Une envie folle d’écrire plusieurs billets sur mes différentes smalas. Ma conscience m’en empêche. Une envie folle de changer de décor, mon état de santé m’en empêche. Une envie folle de tout casser, mon foutu sens de la diplomatie et cette foutue province m’en empêchent. Une envie folle de tout décortiquer, déconstruire à haute voix, toujours la maudite province! Une envie folle de partir en vacances là tout de suite, le sacré boulot m’en empêche. Une envie folle de finir mon histoire, une humilité idiote m’en empêche.

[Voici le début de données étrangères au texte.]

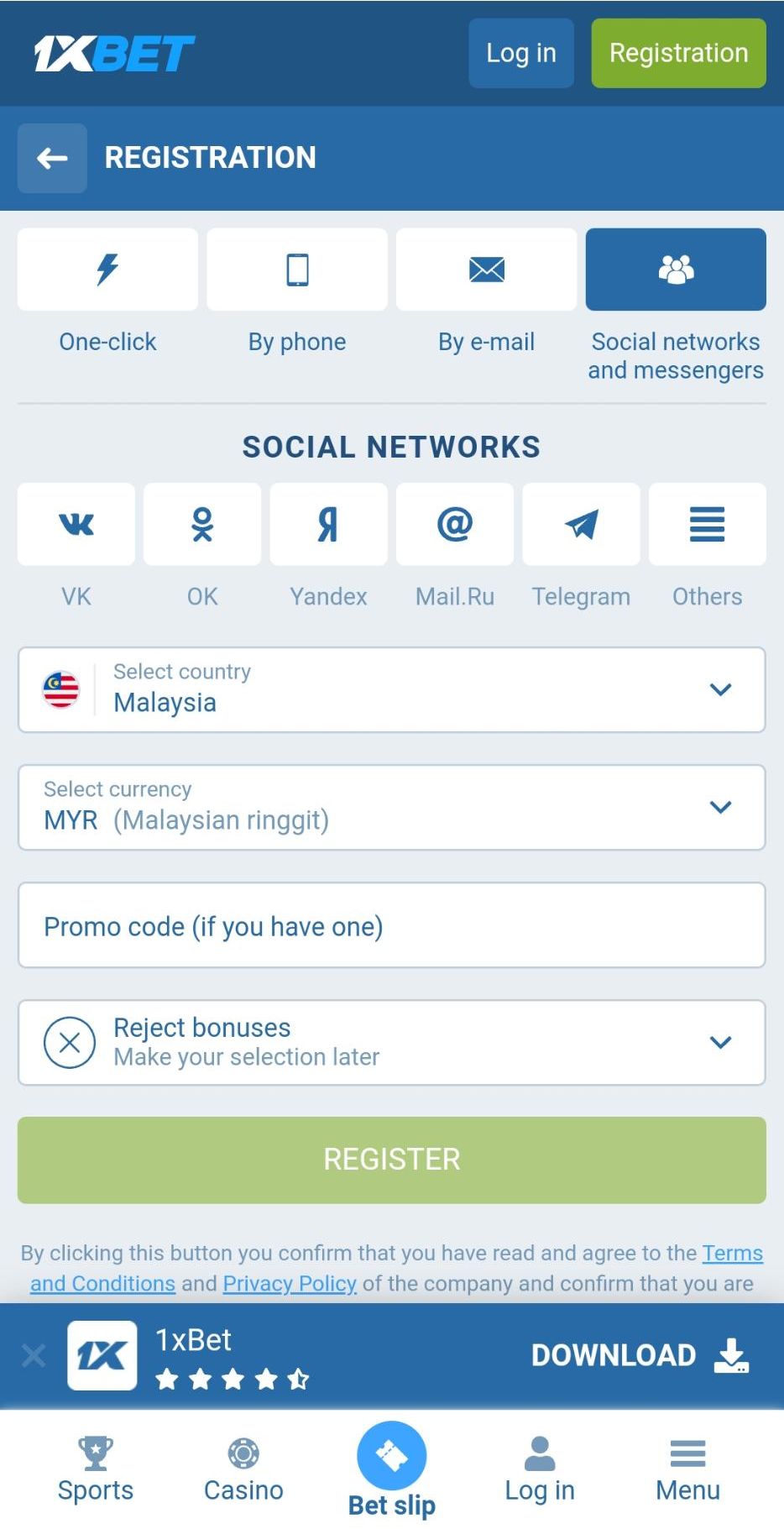 How To Register an Account From 1xBet App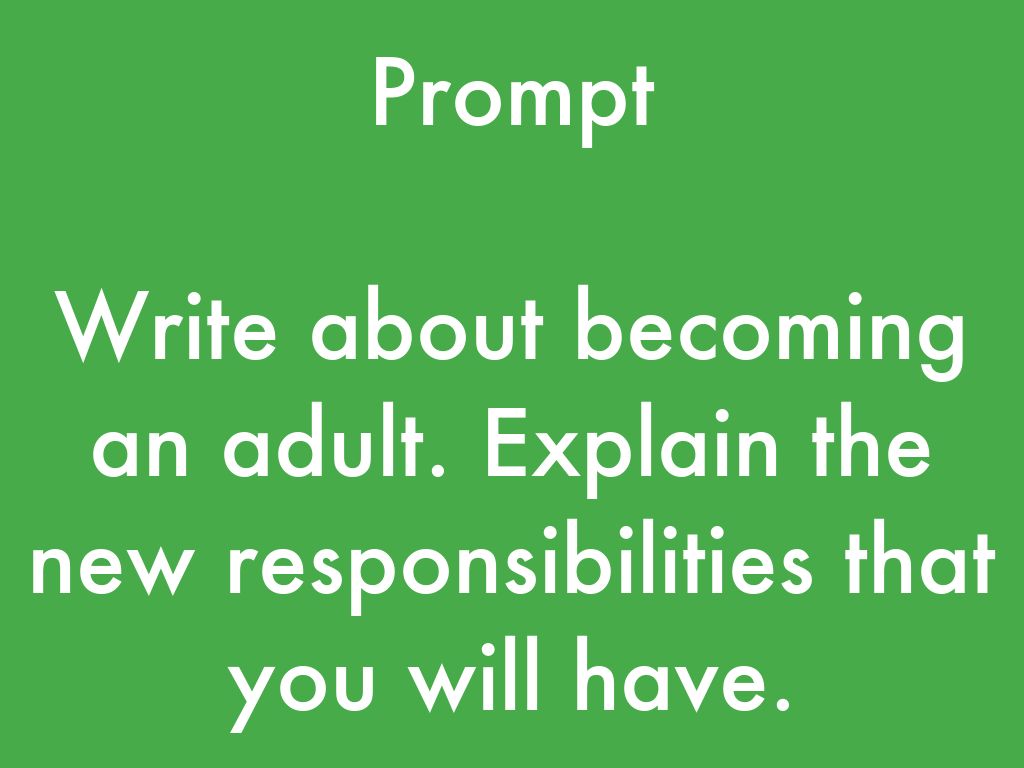 Write about becoming an adult. Explain the new responsibilities that you will have.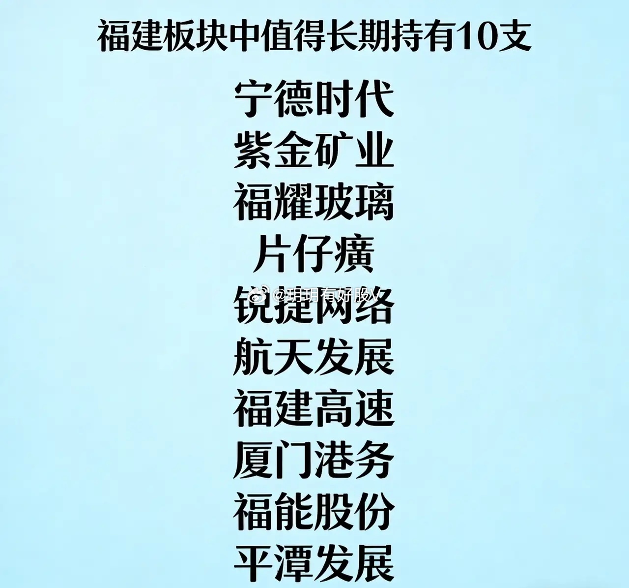 福建板块,持续走强,竟然20支股票涨停,值得长期关注的10支股票,具体信息分析如下:1. 宁德时代(300750):全球领先的动力电池系统提供商,2025年三季报显示每股收益11.02元,净资产收益率15.60%,销售净利率18.47%,业绩优异,在新能源汽车行业快速发展的背景下,具有广阔的发展空间。2. 紫金矿业(601899):全球重要的矿产资源企业,2025年三季报每股收益1.425元,净资产收益率22.36%,销售净利率17.98%,资源储备丰富,盈利能力强,随着全球经济的发展,对矿产资源的需求持续增长,公司有望受益。3. 福耀玻璃(600660):汽车玻璃行业的龙头企业,在全球市场具有较高的占有率,产品质量和品牌知名度高,随着汽车行业的稳定发展以及新能源汽车对玻璃需求的增加,公司业绩有望持续增长。4. 片仔癀(600436):国家绝密级中药品种,具有独特的品牌优势和产品竞争力,2025年三季报显示每股收益2.66元,净资产收益率15.72%,销售净利率29.07%,业绩稳定增长,在中药行业中具有较高的投资价值。5. 锐捷网络(301165):国内少数掌握SDN核心技术企业,数据中心交换机市占率提升,2025年Q1净利润同比增4543%,受益“东数西算”扩容,是福建算力基建核心受益者,长期成长确定性高。6. 航天发展(000547):军工+商业航天双主业,已发射22颗“天目一号”卫星,获8.5亿电磁防护大单,福建规划千亿级商业航天产业集群,公司有望充分受益。7. 福建高速(600033):区域交通基建龙头,PE仅10倍,股息率超5%,日均车流量增长15%+,受益于两岸融合带来的物流增长以及交通互联互通红利,适合稳健型投资者长期持有。8. 厦门港务(000905):拟收购集装箱码头集团70%股权,能力将增67%,若厦金航线恢复,客运量将大增,直航红利可期,是闽台海上物流主枢纽,具有较高的投资价值。9. 福能股份(600483):福建风电资产优质,推进114MW海上风电,集团承诺注入约1.2GW海风与抽蓄指标,PE仅9.3倍,高成长低估值,未来发展潜力较大。10. 平潭发展(000592):平潭唯一上市平台,拥有128平方公里土地储备,距台湾最近“桥头堡”,直接受益两岸融合政策,与中免合作离岛免税项目,封关运作后将成最大赢家。以上内容均基于公开信息整理,不构成投资建议。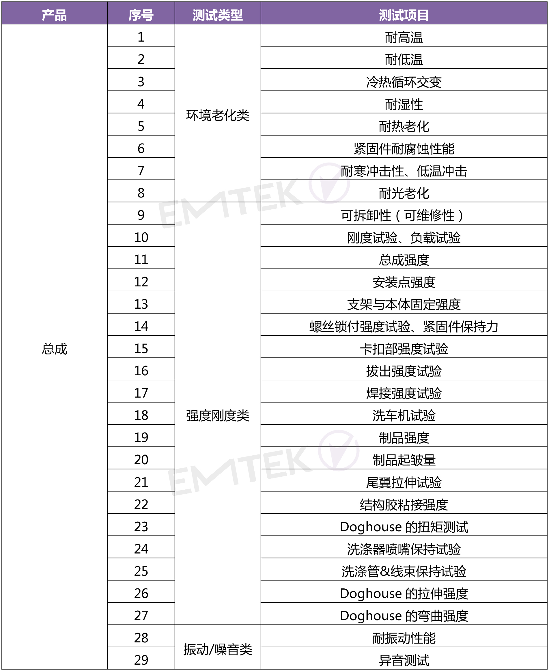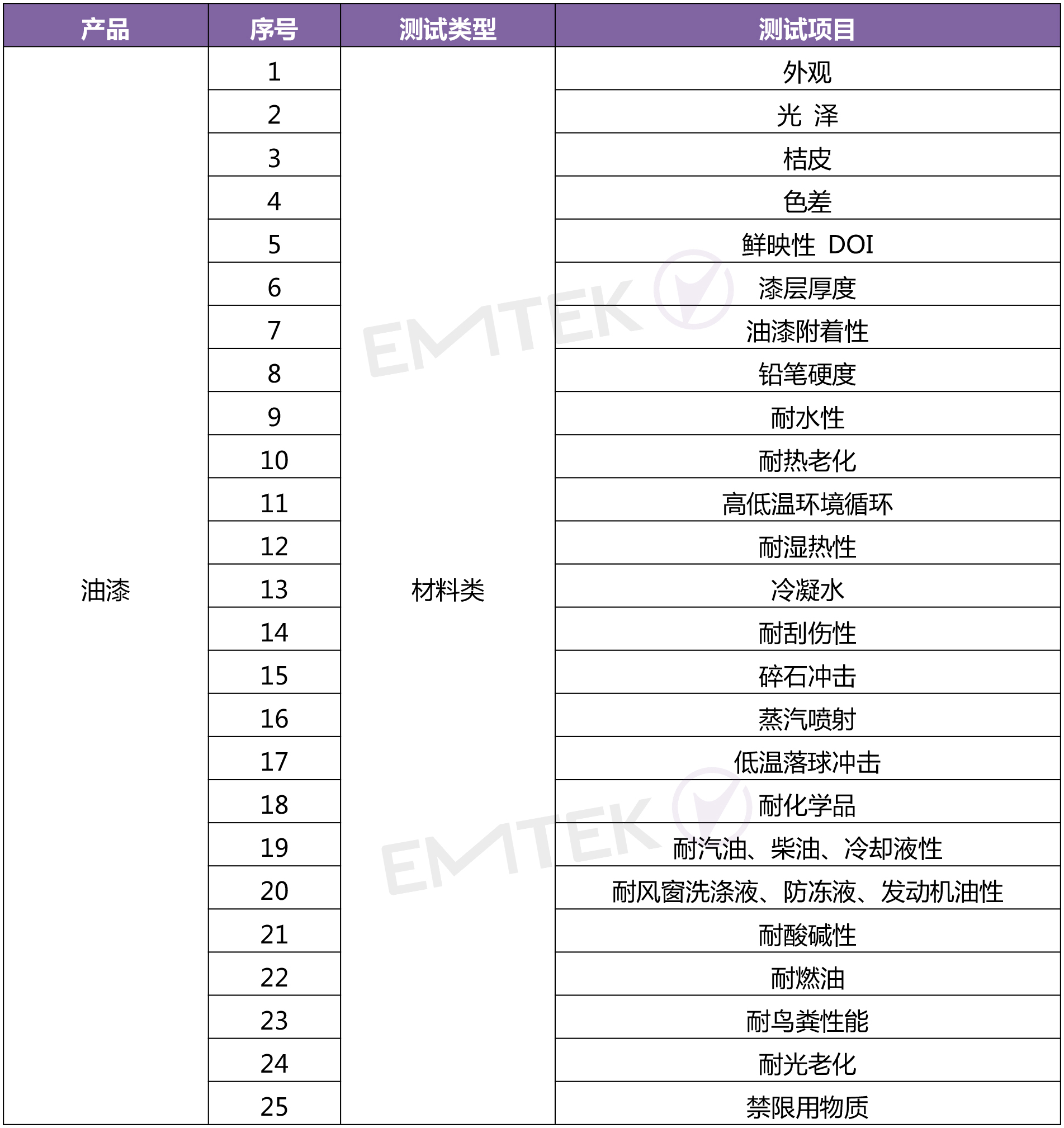 考核產(chǎn)品材料化學(xué)性能,比如外觀、光澤、漆膜厚度、鉛筆硬度、附著力、耐刮傷性、冷凝水、碎石沖擊、蒸汽噴射、耐化學(xué)品、禁限用物質(zhì)等等。

Une envie folle de mater les beaux spécimens de la gente masculine, non rien ne m’en empêche surtout après avoir contemplé et admiré le beau Massimo (tut tut longue histoire et classée secret professionnel). Une envie folle d’envoyer balader le petit con qui croit que lorsqu’on est une femme on n’est pas si brillante, mais dès qu’il entend la même idée de la bouche d’un mec il s’écrie: that’s an excellent idea.

Une envie folle de dire à plusieurs que je suis dégoûtée par les conflits d’intérêt qui minent le quotidien, mais je le fais diplomatiquement pour ne pas les ridiculiser devant d’autres. Une envie folle de me départir de ma constante fatigue et retrouver mon enthousiasme d’antan. Une envie folle de me remettre à cuisiner comme avant (merci, Amore de le faire avec autant d’amour et sans faire dans la comptabilité du geste).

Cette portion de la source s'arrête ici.